Summary of Descending Pathways
The descending tracts that originate from the cerebral cortex (corticospinal, Fig. 11-5) and from the midbrain (rubrospinal, tectobulbospinal) and pons (reticulospinal, vestibulospinal) traverse the medulla en route to the spinal cord. The medulla contributes additional fibers to the last two fiber systems. At this level, the medial longitudinal fasciculus contains only descending fibers. The majority of these descending axons influence, either directly or indirectly through interneurons, the discharge patterns of motor neurons in the spinal cord gray matter.
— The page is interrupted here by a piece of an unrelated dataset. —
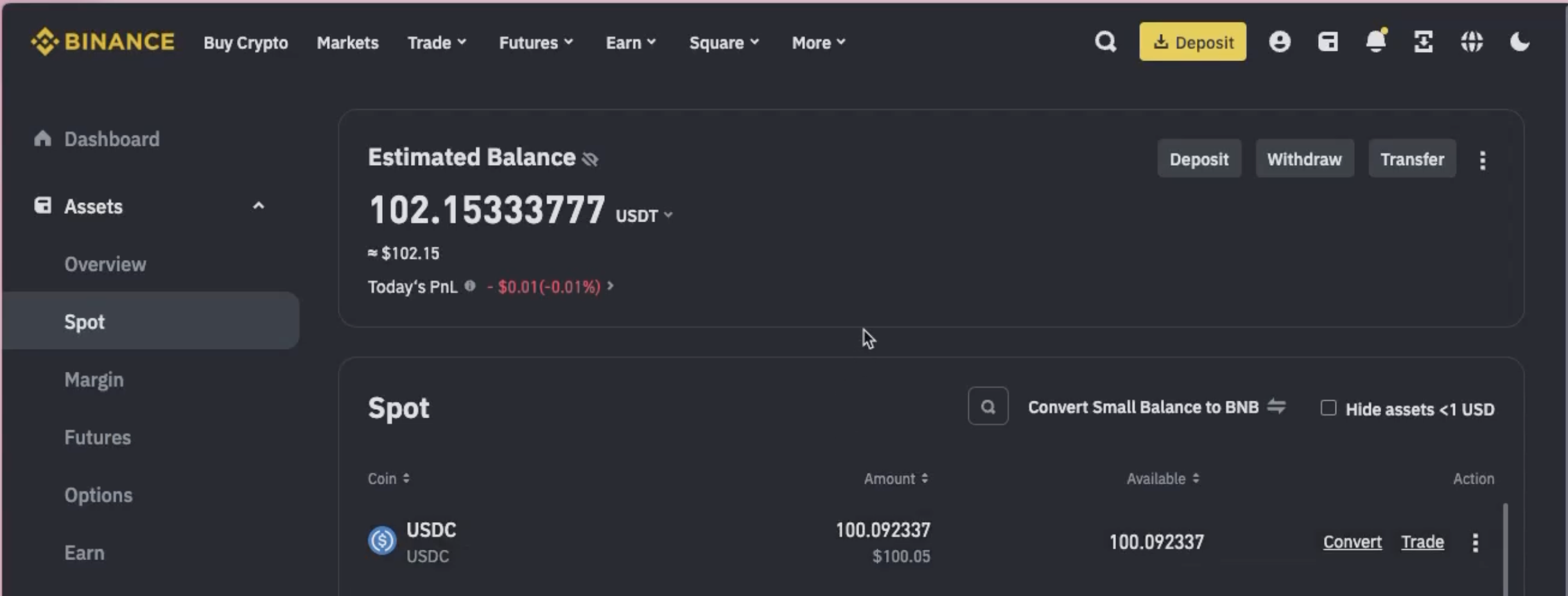 100 USDCfrom an Arkis Liquidity Pool.Withdraw that USDC to our linked Binance sub-account.

Spinal Cord–Medulla Transition
The spinal cord–medulla transition is characterized by changes that begin at the caudal level of the motor decussation (Figs. 11-6 and 11-7). The spinal cord gray matter is replaced by the motor (crossing of corticospinal fibers) decussation; the central gray matter enlarges; the posterolateral tract (dorsolateral fasciculus) and substantia gelatinosa of the spinal cord merge, respectively, into the spinal trigeminal tract and nucleus; and nuclei characteristic of the medulla appear. The caudal medulla is described in the following sections beginning at the levels of the motor and sensory decussations.
Figure 11-6. Cross section of the medulla at the level of the motor decussation. Correlate with Figure 11-5.
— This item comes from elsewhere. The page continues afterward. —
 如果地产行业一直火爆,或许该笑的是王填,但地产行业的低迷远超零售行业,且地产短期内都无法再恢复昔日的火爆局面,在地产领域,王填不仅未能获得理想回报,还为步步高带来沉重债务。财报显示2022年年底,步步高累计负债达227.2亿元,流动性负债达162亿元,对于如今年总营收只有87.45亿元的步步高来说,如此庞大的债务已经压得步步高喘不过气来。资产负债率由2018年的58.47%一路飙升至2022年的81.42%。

Figure 11-7. A fiber (myelin)–stained cross section of the medulla at the level of the motor decussation. Compare with Figure 11-6. (From Parent A: Carpenter’s Human Neuroanatomy, 9th ed. Philadelphia, Lippincott Williams & Wilkins, 1995.)
Caudal Medulla: Level of the Motor Decussation
At the level of the motor decussation (pyramidal decussation), about 90% of corticospinal fibers cross the anterior midline to form the contralateral lateral corticospinal tract of the cord (Figs. 11-5 to 11-7). Posteriorly, at this level, the gracile and cuneate nuclei first appear in their respective fasciculi (Figs. 11-6 and 11-7). Because the gracile and cuneate fasciculi are collectively called the posterior (or dorsal) columns, their respective nuclei are frequently referred to as the posterior column nuclei. Laterally, the spinal trigeminal tract is visible on the surface of the medulla as the trigeminal tubercle or tuberculum cinereum. Internal to the spinal trigeminal tract is the spinal trigeminal nucleus, pars caudalis (Fig. 11-6).
The spinal trigeminal tract is composed of central processes of primary sensory fibers that enter the brain mainly in the trigeminal nerve. This tract also receives fibers that originate from cranial nerves VII, IX, and X. These primary sensory fibers terminate on cells of the spinal trigeminal nucleus, which in turn projects to the contralateral thalamus as the anterior (ventral) trigeminothalamic tract.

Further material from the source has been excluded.